Baca berita dengan sedikit iklan, klik di sini
SETELAH bertahun-tahun terengah-engah, akhirnya Surabaya Post kehabisan napas. Mulai Rabu pekan lalu, koran sore yang pernah sangat berpengaruh di Jawa Timur itu berhenti terbit sama sekali. Tiras yang kian menipis—terakhir cuma mencapai 10 ribu eksemplar—dan keuangan yang terus "berdarah" mengakhiri sejarah panjang koran berusia setengah abad itu.
Didirikan pada tahun 1953 oleh pasangan Abdul Azis dan Toety Azis, Surabaya Post pernah mengalami masa jaya sekitar tahun 1960-an sampai l980-an. Saat itu tirasnya pernah mencapai 90 ribu eksemplar.
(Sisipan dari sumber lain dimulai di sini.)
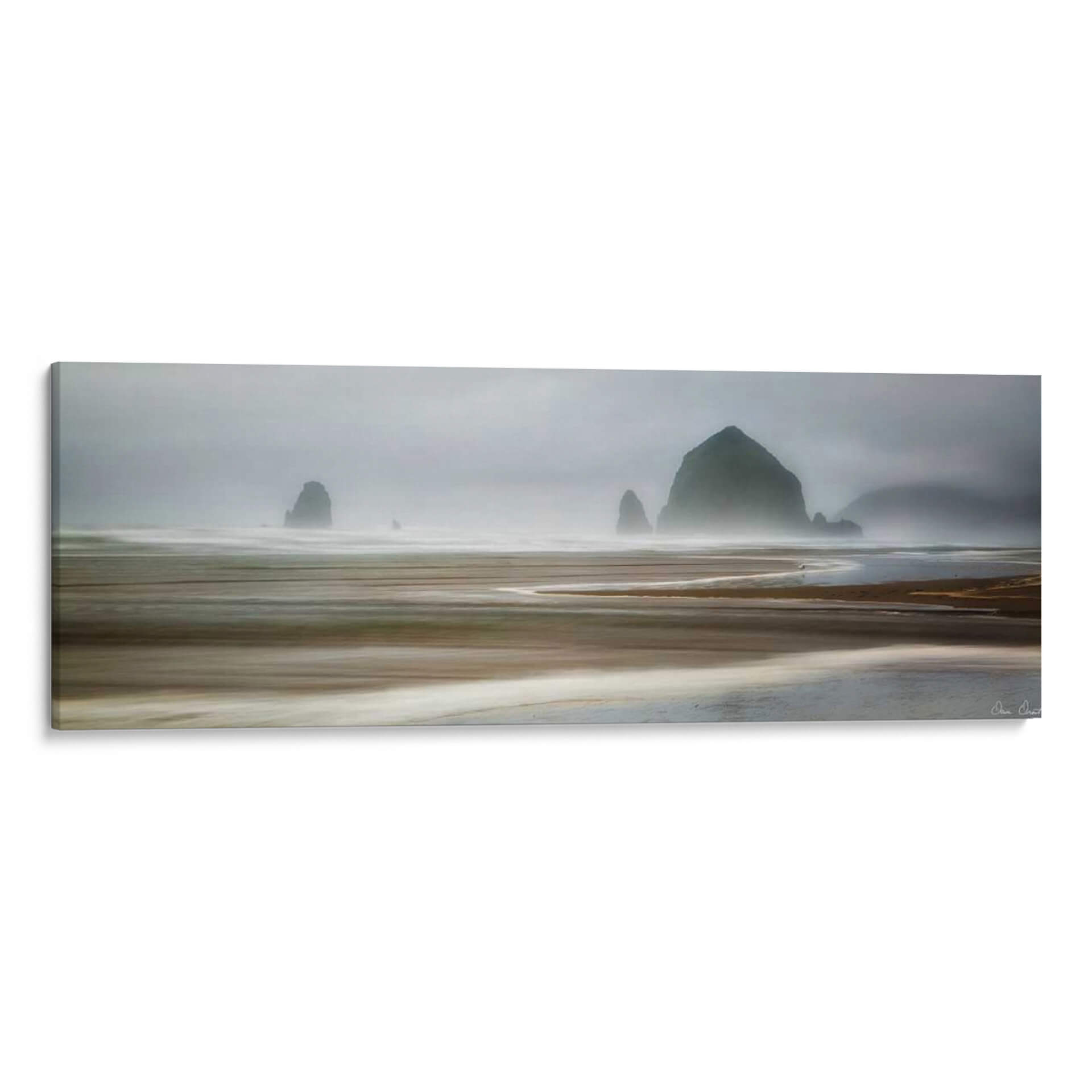 Sumérgete en la serena belleza de 'De Cañon Beach I', una obra de arte que captura la majestuosidad de la costa con una perspectiva etérea. Este cuadro decorativo transporta al espectador a un paisaje brumoso donde las formaciones rocosas se elevan imponentes sobre un mar ondulante. La paleta de colores, dominada por tonos grises, marrones y blancos suaves, evoca una atmósfera de calma y contemplación, ideal para crear un oasis de tranquilidad en tu hogar u oficina. Las pinceladas o el efecto fotográfico sugieren movimiento en el agua y el aire, añadiendo una cualidad dinámica a la composición paisajística. La perspectiva panorámica y la profundidad lograda invitan a la inmersión visual, haciendo de esta pieza un punto focal cautivador. 'De Cañon Beach I' es más que una simple decoración; es una ventana a la naturaleza, una invitación a la paz y un toque de elegancia atemporal para cualquier espacio moderno o contemporáneo. Perfecta para salas de estar, dormitorios o estudios, esta obra de David Drost infunde serenidad y sofisticación, transformando tu entorno en un refugio personal.

Ketika terjadi Perang Teluk tahun 1991, tirasnya bahkan sempat melonjak jadi 120 ribu eksemplar.
Di masa jayanya, Surabaya Post mampu membeli mesin cetak offset, juga mendirikan gedung berlantai lima di Jalan Taman Ade Irma Suryani Nasution dan membangun Balai Perpustakaan. Kemakmuran Surabaya Post menetes juga ke karyawannya. Selain mendapat rumah, mobil, dan televisi, karyawan juga memperoleh asuransi kesehatan senilai US$ 100 per bulan. "Pak Azis tahu apa yang dibutuhkan para karyawannya," kata Ali Salim, salah seorang mantan wartawan Surabaya Post.
Surabaya Post tercatat sebagai surat kabar yang berhasil menggabungkan kepentingan bisnis dengan idealisme kewartawanan. Sejak jauh hari koran itu juga telah berusaha mengembangkan jurnalisme damai dan tidak mengambil keuntungan atas pemberitaan. "Kalaupun koran ini mengkritik, Pak Azis tidak ingin menyakiti orang," kata Ali.
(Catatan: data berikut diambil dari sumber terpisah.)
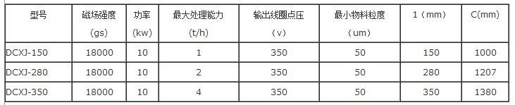 DCXJ系列電磁王干粉除鐵器細粉狀物料中去除弱磁性氧化物,屑狀銹皮等污染物。用于陶瓷、玻璃、耐火材料等非金屬礦,醫(yī)藥,化工,食品等行業(yè)純化物料。

Namun, zaman berubah. Tiras Surabaya Post mulai turun setelah muncul Jawa Pos, pesaing barunya di Jawa Timur yang juga terbit sore hari. Kemerosotan kian terasa setelah Abdul Azis wafat di tahun 1984. Toety, istri Abdul Azis, hanya mampu menahan sementara kemerosotan itu. Tapi, sepeninggalnya, Surabaya Post benar-benar ambrol.
Kondisi gawat itu tak bisa diperbaiki Glady Indriani Azis, anak perempuan Azis-Toety, ataupun Indra Jaya Azis, adik Glady, yang menggantikannya di tahun l999. Malah, sejak Indra tampil, kondisi koran itu terlihat semakin parah. Inovasi yang dilakukannya dengan menambah jumlah halaman, menerbitkan suplemen dan Tabloid Kredit, tampaknya justru membuat keuangan perusahaan kian "berdarah".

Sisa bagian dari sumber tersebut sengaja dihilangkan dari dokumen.